I would take a break when we reached the grassy patch next to the surgery room—I don’t know if she ever got tired but I usually was. It was the best time to give Roxy her physiotherapy massage after the warm up walk, especially if the sun was out. And so I’d lower the towel and squat down beside my patient.

As I stroked the head and ears, the motorcycle engine would start up again.

“Grrr…grrr…” Roxy would go.

“Oh, shut up, Roxy,” I’d say as I stretched and massaged the hind legs and the pelvis.

“Grrr…grrr…” she’d reply. And so it went on.

Slowly, ever so slowly, I began to see improvement. We used to let our patients sit out in the morning sun once their medications had been given and walks completed. It was good for them to interact with their fellow inmates and get some fresh air and sunshine before going back into their kennels.

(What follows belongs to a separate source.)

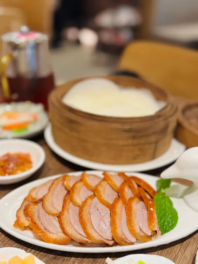 接下來是烤北京填鴨(半隻),採用傳統京式掛爐烤製,鴨皮鬆脆,肉質鮮嫩。我特別欣賞那薄薄的餅皮,不會讓人感到過於飽脹。

Often, going off their food is the first sign that an animal is sick. They also become dull and lethargic, often shunning company and showing no interest in play or social interaction.

Roxy was eating and drinking just fine. She was bright and alert, and as soon as she was put down, she would take off on her two fore legs and keep going until she grew tired.

Once again, I had a case that would have done much better with home care.

All I was doing was giving Roxy antibiotic shots once in three days, cleaning her coat, and massaging her hind legs. It was up to nature to cure her. The same, or better level of care, could have easily been provided by her owner. In advanced countries I had heard of paraplegic animals being fitted with prosthetic devices, but such therapeutic aids had not yet reached Sri Lanka. Some students did try to make a wheelchair for Roxy using a broken pram and other odds and ends, but it didn’t work and Roxy was not able to walk freely with it attached to her trunk. The contraption was quickly abandoned.

As I moved on from that kennel rotation, I felt that Roxy was definitely getting better. She really needed to be at home, not in the kennel.

With her zest for life and love for walking, the prognosis was bright. Even if she didn’t get the full function of her hind limbs back, she’d be fine. All she needed was a wee bit of support and daily care from her family.

Roxy was going to growl her way through life just fine.

***

“The Kennels” is an excerpt from Anand Krishnaswamy’s new memoir in progress.